▶ WHAT YOU WILL DO: In the records below, the relevant part opens with the line containing "The red and" and closes with the line containing "Fleurs pressées en résine epoxy."; print that part exactly and only, without its pictures.

........

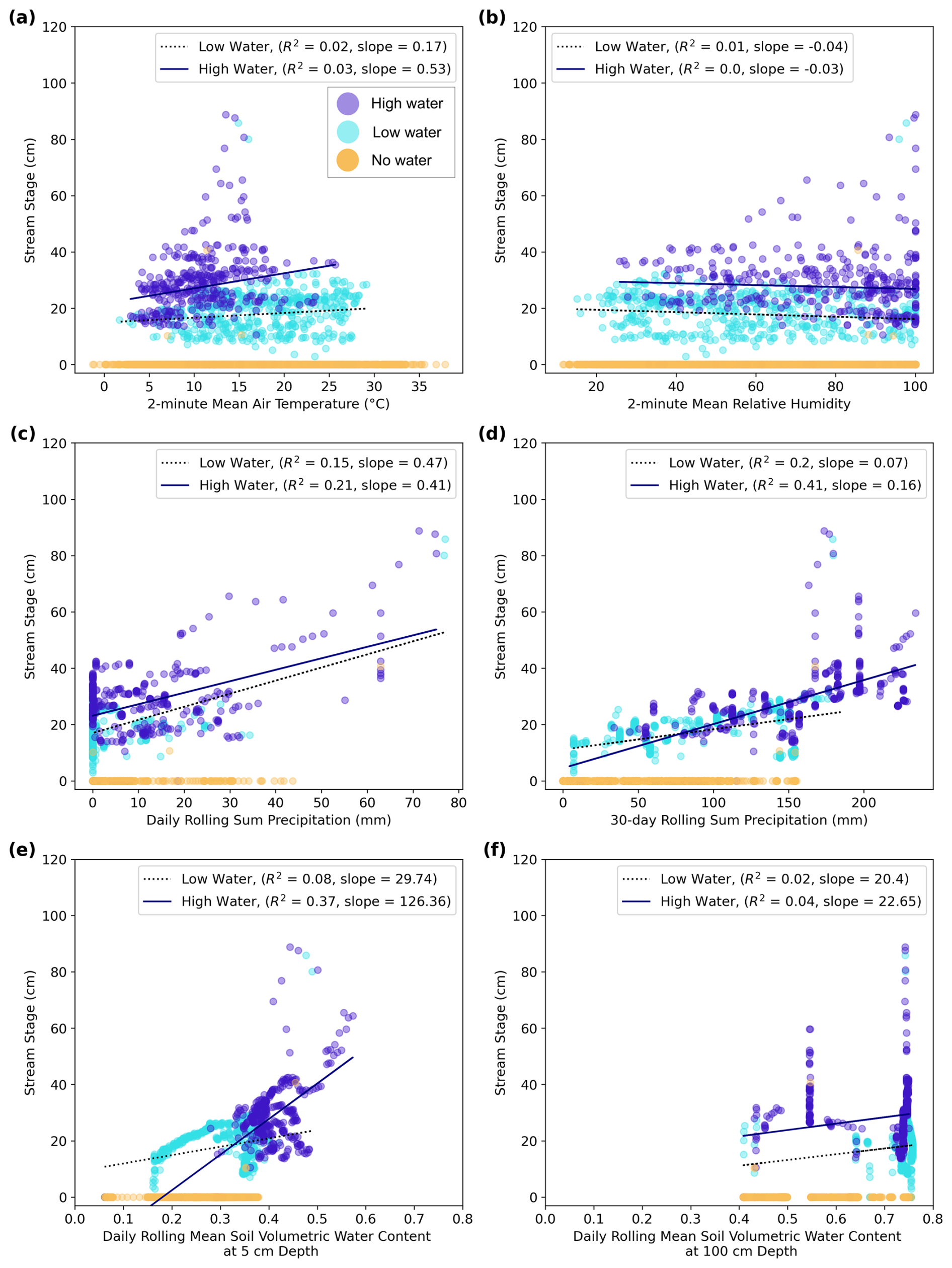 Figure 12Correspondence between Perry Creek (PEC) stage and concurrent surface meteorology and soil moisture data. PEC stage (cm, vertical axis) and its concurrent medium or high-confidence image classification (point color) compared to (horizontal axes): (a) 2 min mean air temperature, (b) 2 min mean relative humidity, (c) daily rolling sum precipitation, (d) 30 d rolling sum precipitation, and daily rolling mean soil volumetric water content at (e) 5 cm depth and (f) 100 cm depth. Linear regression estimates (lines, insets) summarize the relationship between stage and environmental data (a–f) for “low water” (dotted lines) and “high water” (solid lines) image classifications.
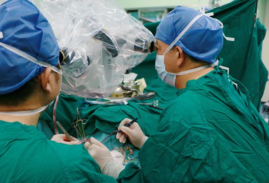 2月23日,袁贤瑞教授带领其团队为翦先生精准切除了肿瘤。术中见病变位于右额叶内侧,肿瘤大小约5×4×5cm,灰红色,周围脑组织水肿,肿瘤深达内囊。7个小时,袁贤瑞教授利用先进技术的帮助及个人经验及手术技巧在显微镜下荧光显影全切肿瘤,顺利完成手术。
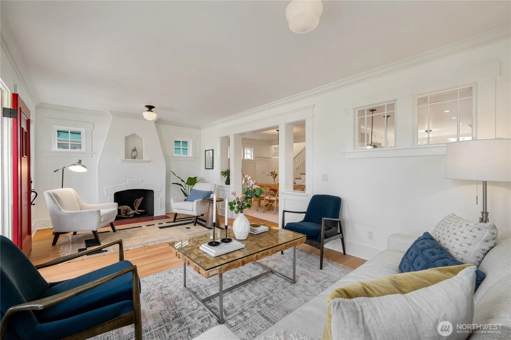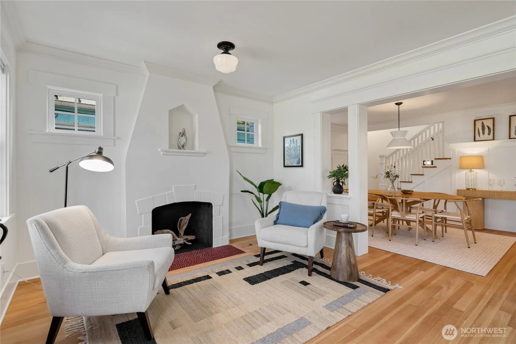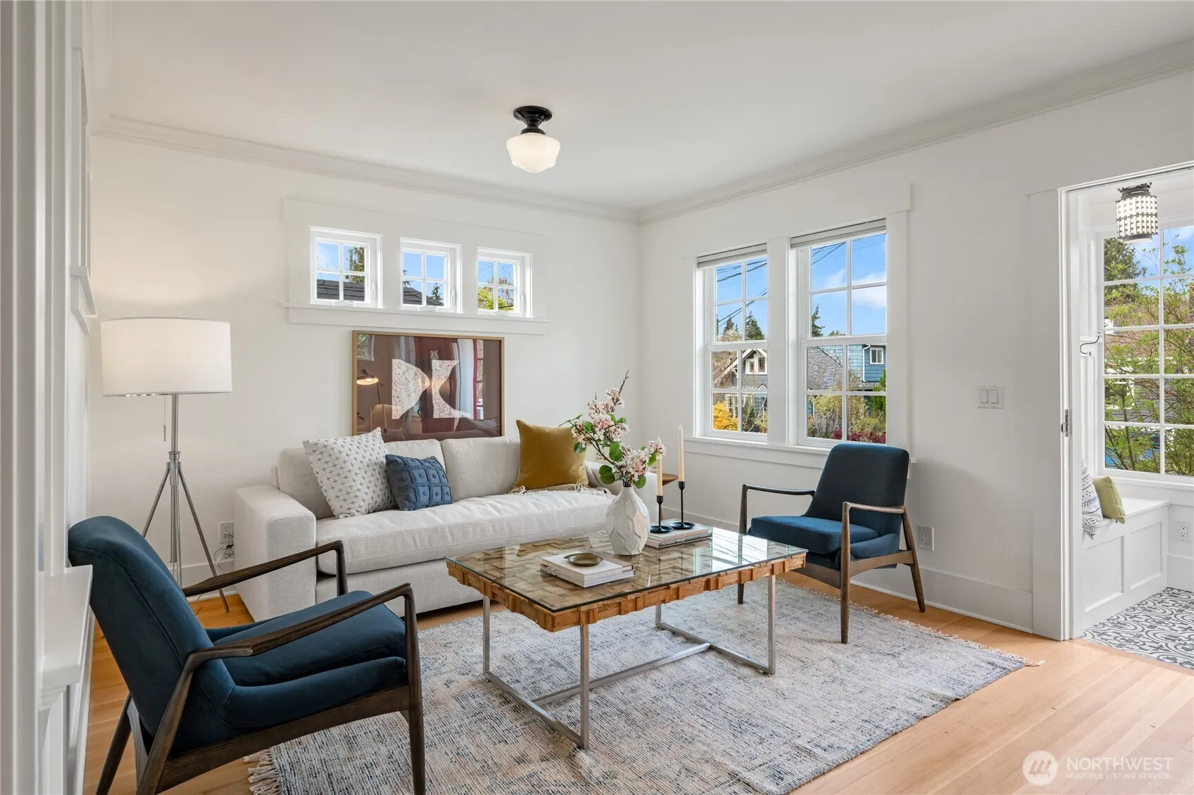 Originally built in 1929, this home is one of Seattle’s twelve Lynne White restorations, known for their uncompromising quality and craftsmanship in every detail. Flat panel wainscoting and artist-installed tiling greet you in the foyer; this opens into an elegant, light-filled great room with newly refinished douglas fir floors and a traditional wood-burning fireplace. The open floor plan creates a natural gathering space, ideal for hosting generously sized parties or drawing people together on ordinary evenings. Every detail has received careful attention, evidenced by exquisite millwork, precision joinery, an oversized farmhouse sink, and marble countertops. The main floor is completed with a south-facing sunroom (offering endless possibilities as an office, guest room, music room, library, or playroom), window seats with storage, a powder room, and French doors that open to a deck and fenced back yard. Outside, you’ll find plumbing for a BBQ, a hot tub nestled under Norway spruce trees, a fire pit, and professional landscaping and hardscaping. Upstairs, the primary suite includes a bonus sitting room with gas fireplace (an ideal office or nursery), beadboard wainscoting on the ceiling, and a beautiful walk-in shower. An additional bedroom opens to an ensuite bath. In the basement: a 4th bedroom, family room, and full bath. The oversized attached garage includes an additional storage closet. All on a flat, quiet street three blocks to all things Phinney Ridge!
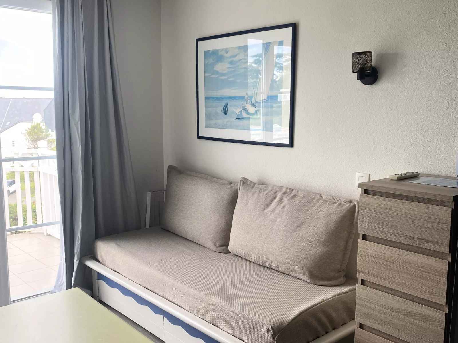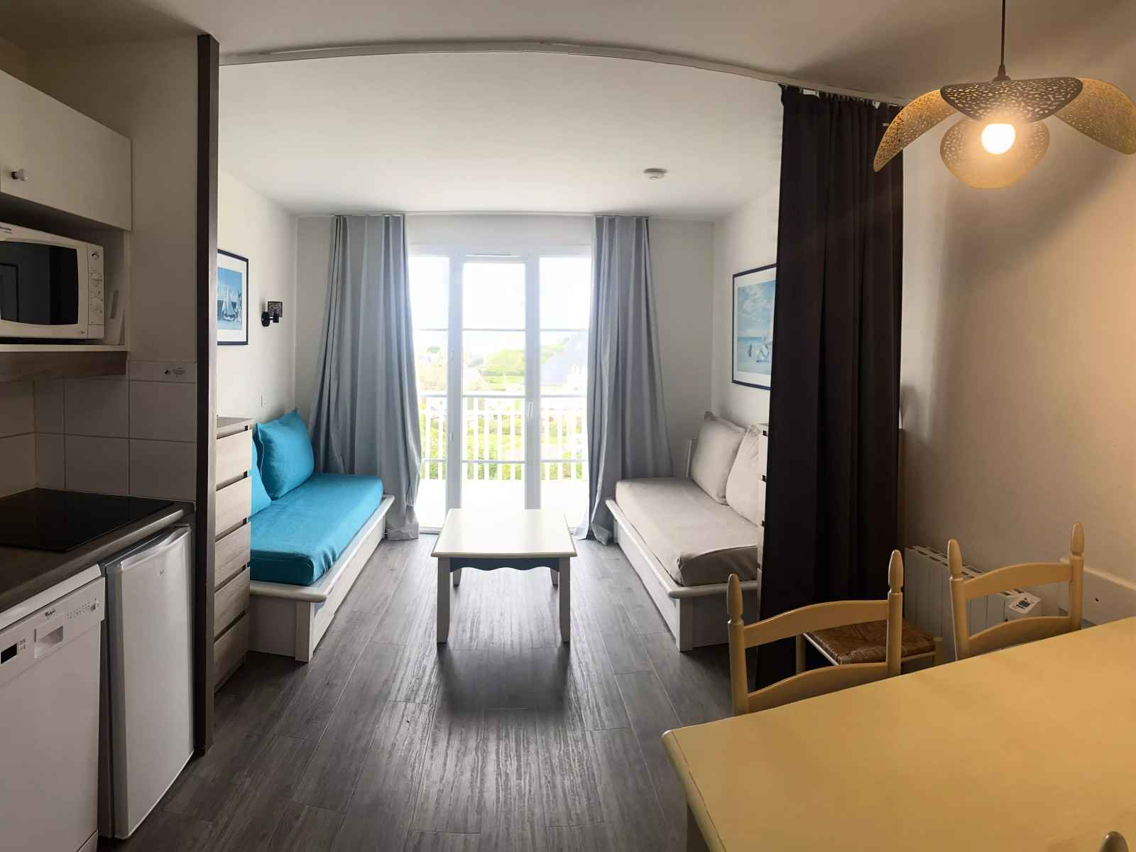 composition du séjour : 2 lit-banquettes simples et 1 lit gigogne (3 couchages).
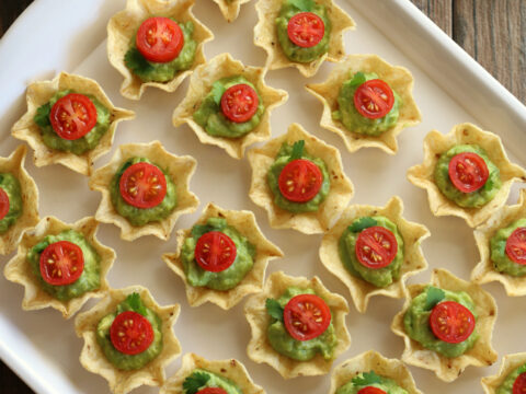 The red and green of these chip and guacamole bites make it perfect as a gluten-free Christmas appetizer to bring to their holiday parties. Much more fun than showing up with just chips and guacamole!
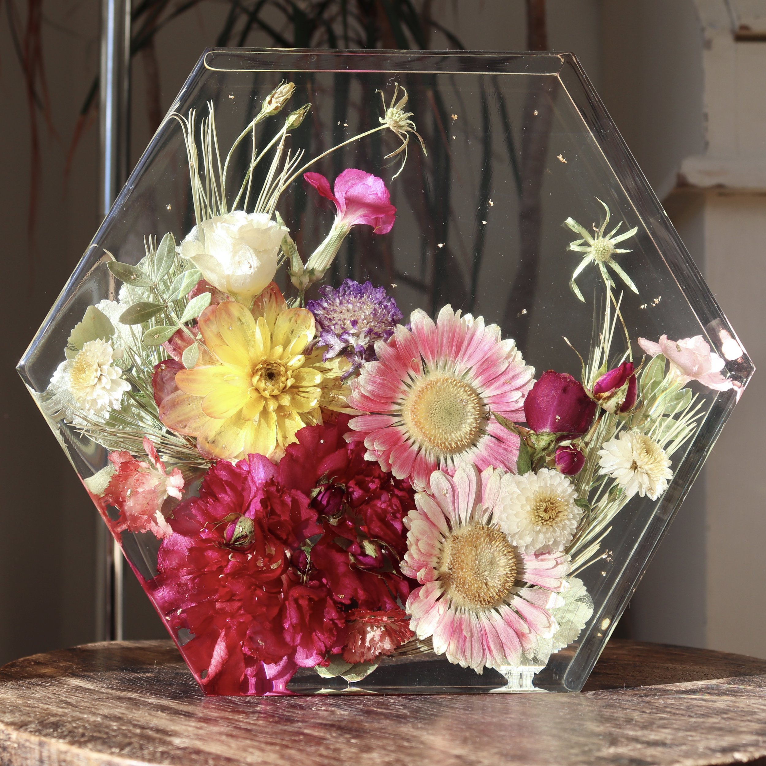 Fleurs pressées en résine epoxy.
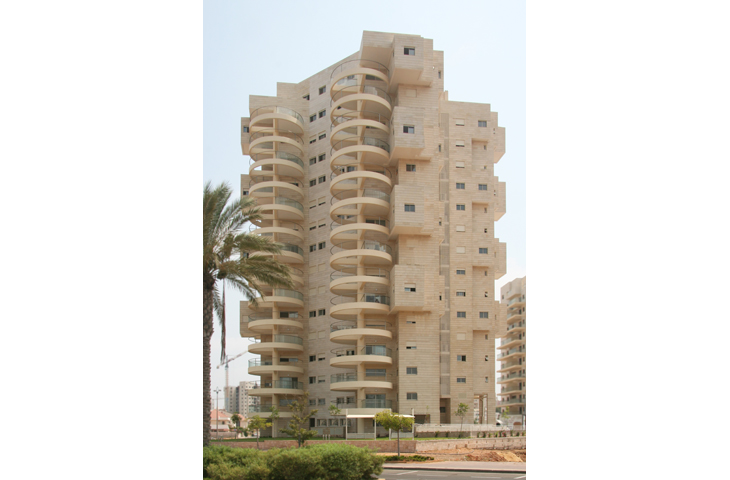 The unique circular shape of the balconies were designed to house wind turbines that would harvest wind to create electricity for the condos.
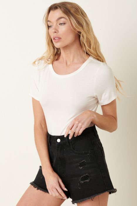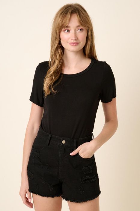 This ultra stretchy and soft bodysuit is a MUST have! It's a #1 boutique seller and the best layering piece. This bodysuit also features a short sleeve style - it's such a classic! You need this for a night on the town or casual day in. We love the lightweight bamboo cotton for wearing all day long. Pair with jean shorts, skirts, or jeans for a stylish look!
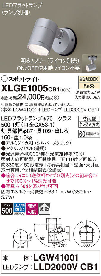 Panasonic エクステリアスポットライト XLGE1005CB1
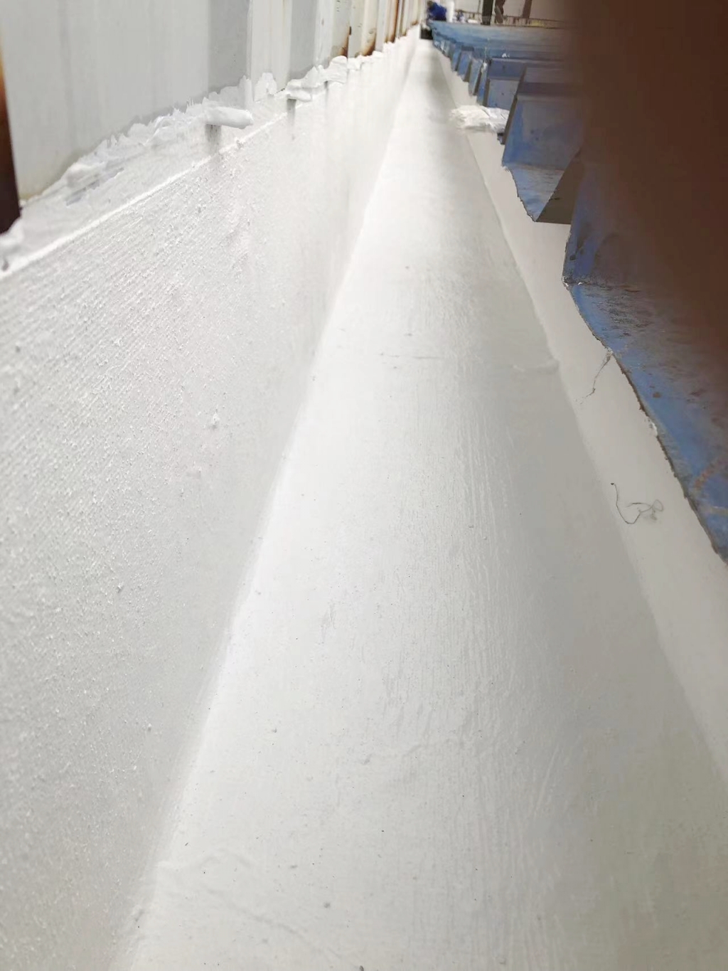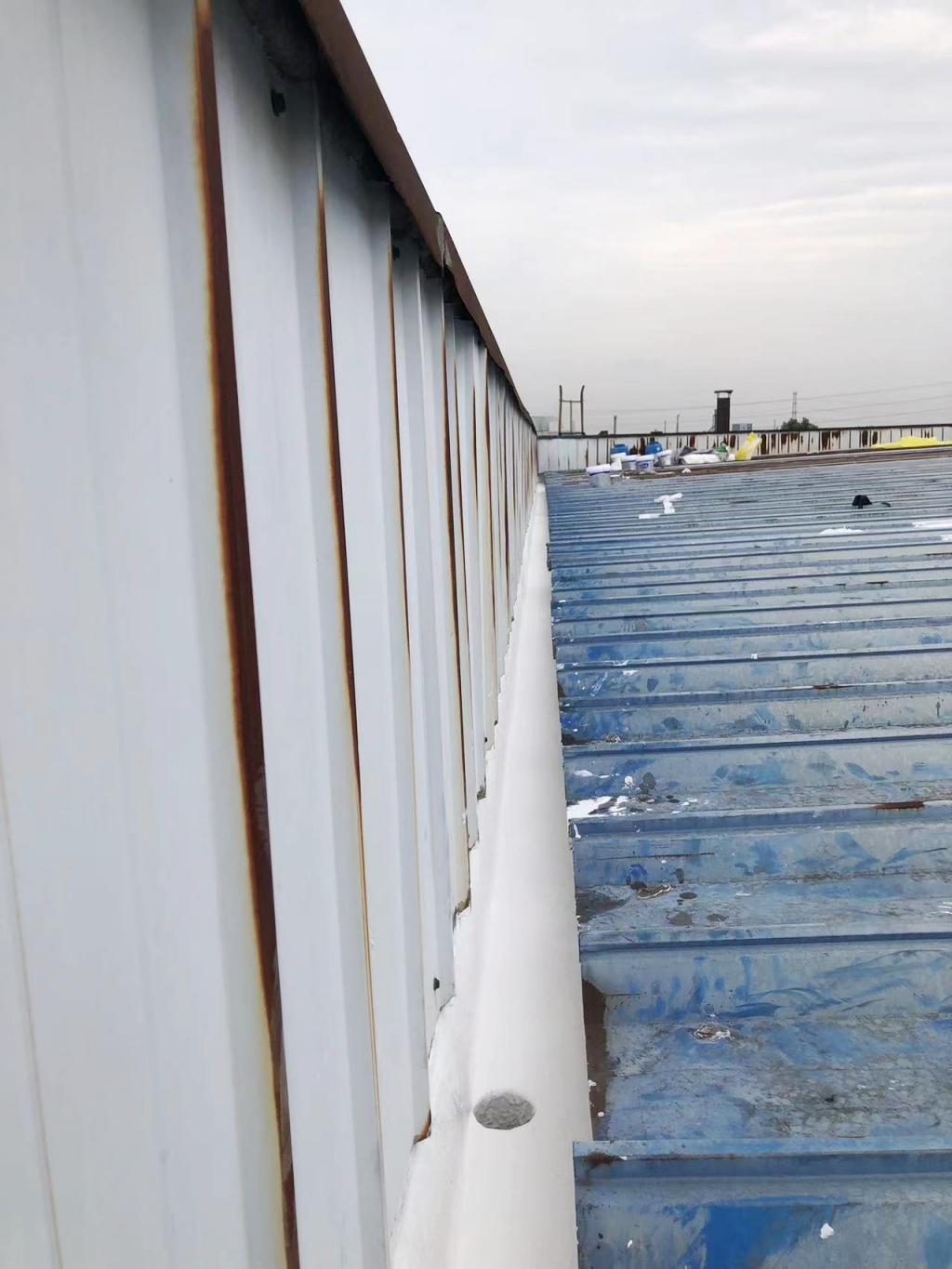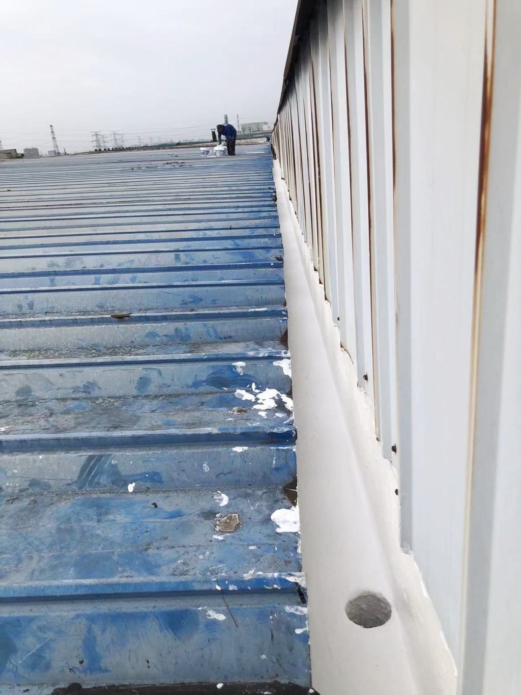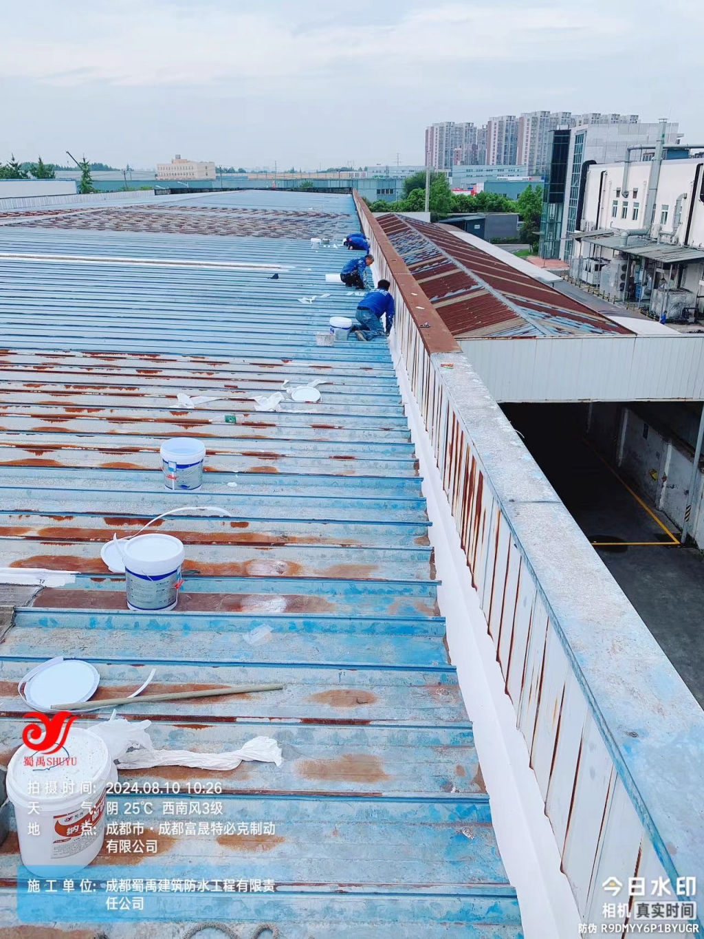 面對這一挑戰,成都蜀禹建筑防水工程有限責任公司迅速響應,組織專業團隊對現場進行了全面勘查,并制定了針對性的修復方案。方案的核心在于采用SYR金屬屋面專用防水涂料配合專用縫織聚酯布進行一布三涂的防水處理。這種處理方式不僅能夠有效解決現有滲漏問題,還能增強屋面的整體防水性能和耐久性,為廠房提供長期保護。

........

▶ RESPONSE TO THE EXERCISE:
 The red and green of these chip and guacamole bites make it perfect as a gluten-free Christmas appetizer to bring to their holiday parties. Much more fun than showing up with just chips and guacamole!
 Fleurs pressées en résine epoxy.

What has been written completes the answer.